SUPPLIED DATA:
━━━━
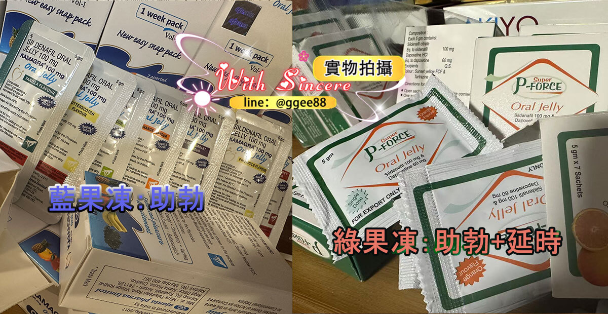 • 雙效綠果凍:100mg 西地那非 + 60mg 達泊西汀(具助勃+增硬+延時效果)
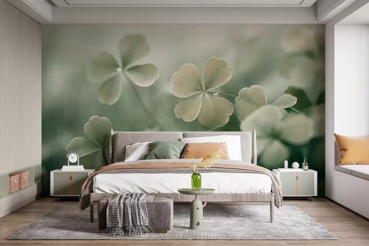 Fototapety Štvorlístok s kvapkami vody, svetlozelená farba, mäkké zaostrenie, rozmazané pozadie, textúrovaná tlač Nr. w09376
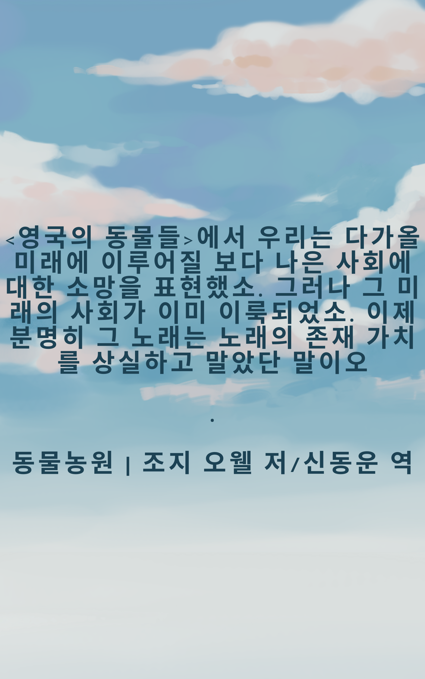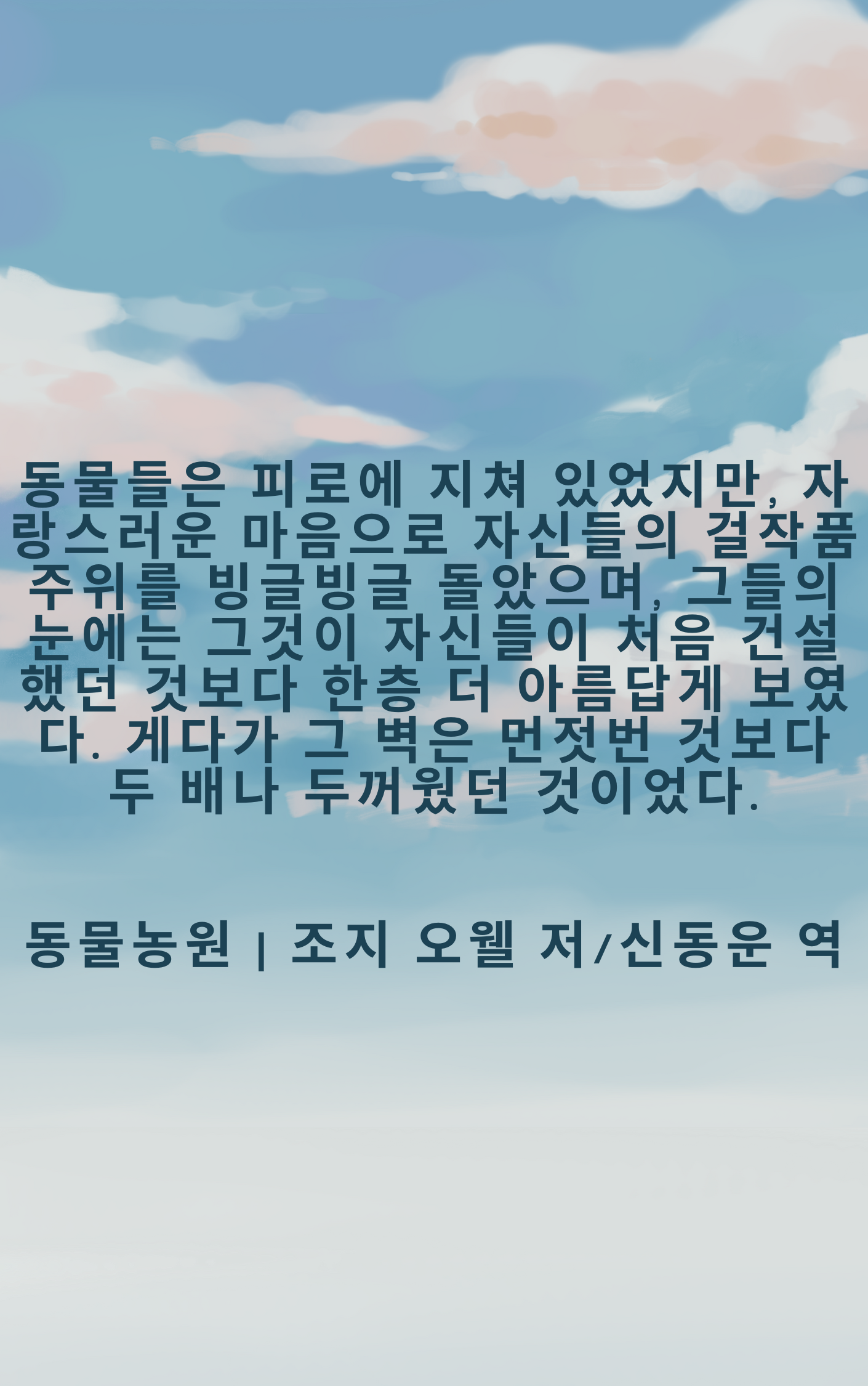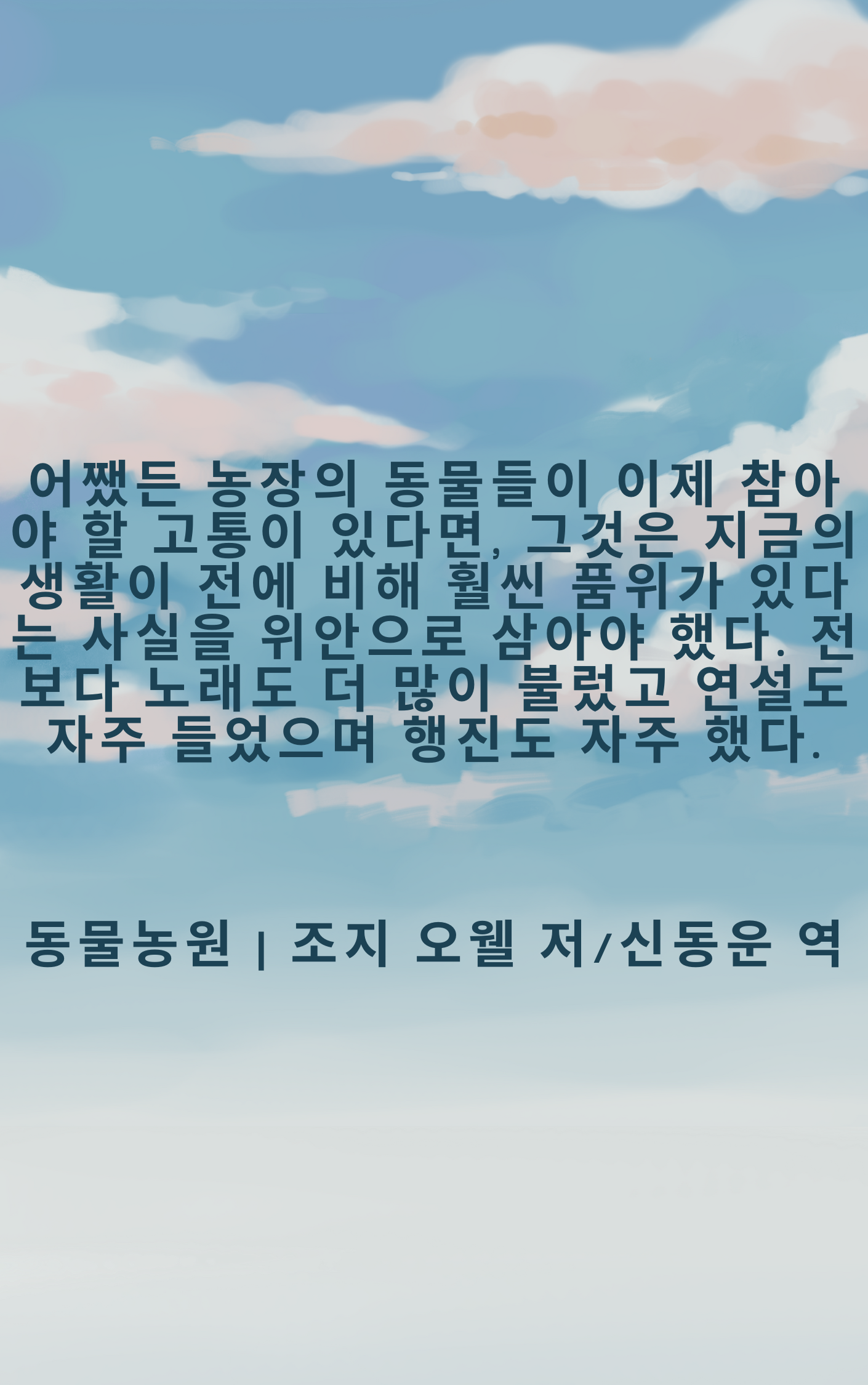 동물농장은 길지 않은 소설이다. 하지만 덮고 나면 쉽게 잊히지 않는다 평등이라는 단어가 어떻게 권력을 위한 장식으로 변하는지 이 책은 조용하게 보여준다
━━━━
YOUR TASK:
Retype exactly the lines above, starting at the line containing "Fototapety Štvorlístok s" and ending with the last line, both included; leave out the pictures.

ANSWER BELOW:
 Fototapety Štvorlístok s kvapkami vody, svetlozelená farba, mäkké zaostrenie, rozmazané pozadie, textúrovaná tlač Nr. w09376
 동물농장은 길지 않은 소설이다. 하지만 덮고 나면 쉽게 잊히지 않는다 평등이라는 단어가 어떻게 권력을 위한 장식으로 변하는지 이 책은 조용하게 보여준다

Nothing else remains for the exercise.